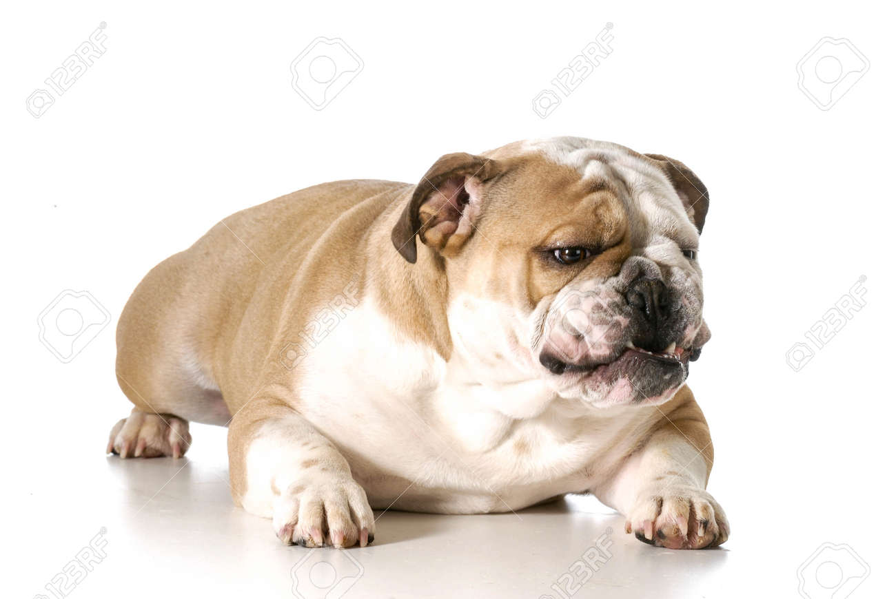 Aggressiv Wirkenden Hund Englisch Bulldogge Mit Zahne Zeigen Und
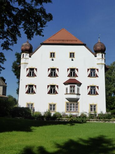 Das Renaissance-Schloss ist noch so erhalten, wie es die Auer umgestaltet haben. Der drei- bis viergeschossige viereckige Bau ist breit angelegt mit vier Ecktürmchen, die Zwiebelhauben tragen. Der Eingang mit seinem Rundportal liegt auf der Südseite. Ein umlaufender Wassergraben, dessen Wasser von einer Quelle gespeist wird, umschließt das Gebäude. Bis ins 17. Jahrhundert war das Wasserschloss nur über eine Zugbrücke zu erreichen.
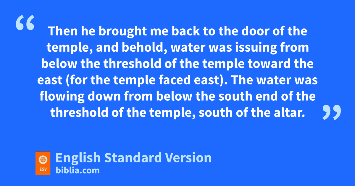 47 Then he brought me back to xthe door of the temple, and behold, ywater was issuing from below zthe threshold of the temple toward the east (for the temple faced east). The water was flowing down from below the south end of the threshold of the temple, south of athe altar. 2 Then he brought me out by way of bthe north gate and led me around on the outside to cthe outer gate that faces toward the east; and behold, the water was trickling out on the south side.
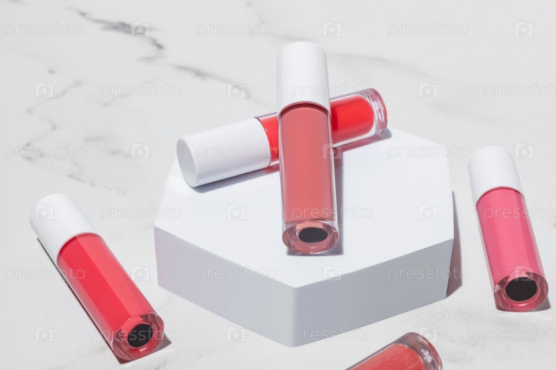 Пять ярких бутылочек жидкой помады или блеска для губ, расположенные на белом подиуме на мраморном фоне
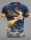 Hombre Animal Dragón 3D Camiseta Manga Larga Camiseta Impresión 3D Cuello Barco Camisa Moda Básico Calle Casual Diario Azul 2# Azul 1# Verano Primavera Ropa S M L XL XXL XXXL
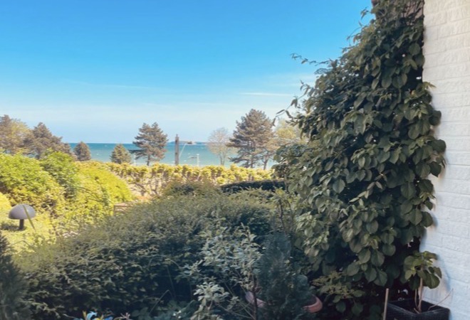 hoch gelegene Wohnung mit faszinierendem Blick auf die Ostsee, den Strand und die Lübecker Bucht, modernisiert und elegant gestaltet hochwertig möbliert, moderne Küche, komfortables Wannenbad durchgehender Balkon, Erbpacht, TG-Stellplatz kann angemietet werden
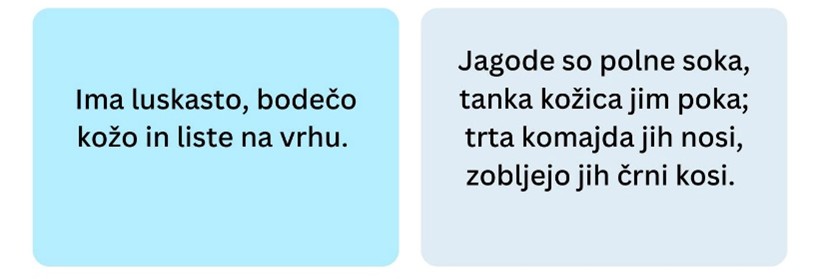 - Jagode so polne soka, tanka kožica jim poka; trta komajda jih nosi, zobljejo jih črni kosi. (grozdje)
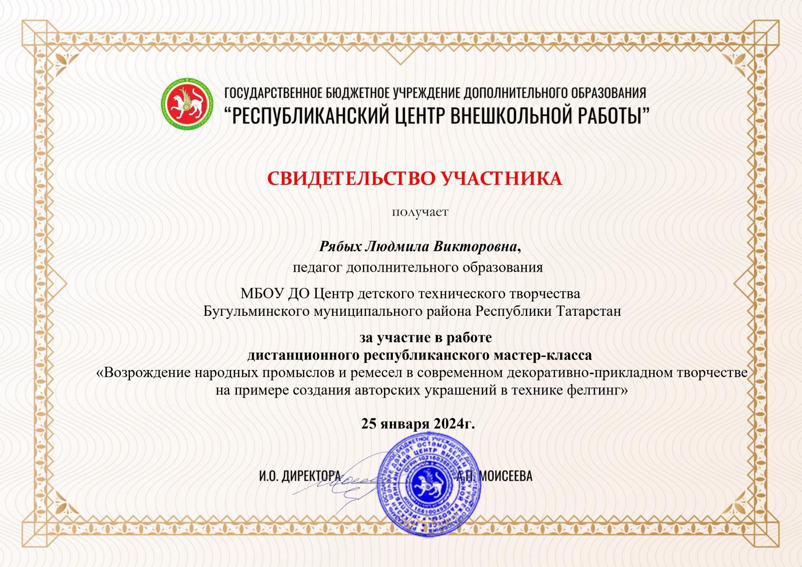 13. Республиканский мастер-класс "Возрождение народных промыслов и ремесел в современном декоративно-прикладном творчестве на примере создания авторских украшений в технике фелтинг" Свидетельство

····················

Reproduce the records above word for word, without the images.

Problem solution
 Aggressiv Wirkenden Hund Englisch Bulldogge Mit Zahne Zeigen Und
 Das Renaissance-Schloss ist noch so erhalten, wie es die Auer umgestaltet haben. Der drei- bis viergeschossige viereckige Bau ist breit angelegt mit vier Ecktürmchen, die Zwiebelhauben tragen. Der Eingang mit seinem Rundportal liegt auf der Südseite. Ein umlaufender Wassergraben, dessen Wasser von einer Quelle gespeist wird, umschließt das Gebäude. Bis ins 17. Jahrhundert war das Wasserschloss nur über eine Zugbrücke zu erreichen.
 47 Then he brought me back to xthe door of the temple, and behold, ywater was issuing from below zthe threshold of the temple toward the east (for the temple faced east). The water was flowing down from below the south end of the threshold of the temple, south of athe altar. 2 Then he brought me out by way of bthe north gate and led me around on the outside to cthe outer gate that faces toward the east; and behold, the water was trickling out on the south side.
 Пять ярких бутылочек жидкой помады или блеска для губ, расположенные на белом подиуме на мраморном фоне
 Hombre Animal Dragón 3D Camiseta Manga Larga Camiseta Impresión 3D Cuello Barco Camisa Moda Básico Calle Casual Diario Azul 2# Azul 1# Verano Primavera Ropa S M L XL XXL XXXL
 hoch gelegene Wohnung mit faszinierendem Blick auf die Ostsee, den Strand und die Lübecker Bucht, modernisiert und elegant gestaltet hochwertig möbliert, moderne Küche, komfortables Wannenbad durchgehender Balkon, Erbpacht, TG-Stellplatz kann angemietet werden
 - Jagode so polne soka, tanka kožica jim poka; trta komajda jih nosi, zobljejo jih črni kosi. (grozdje)
 13. Республиканский мастер-класс "Возрождение народных промыслов и ремесел в современном декоративно-прикладном творчестве на примере создания авторских украшений в технике фелтинг" Свидетельство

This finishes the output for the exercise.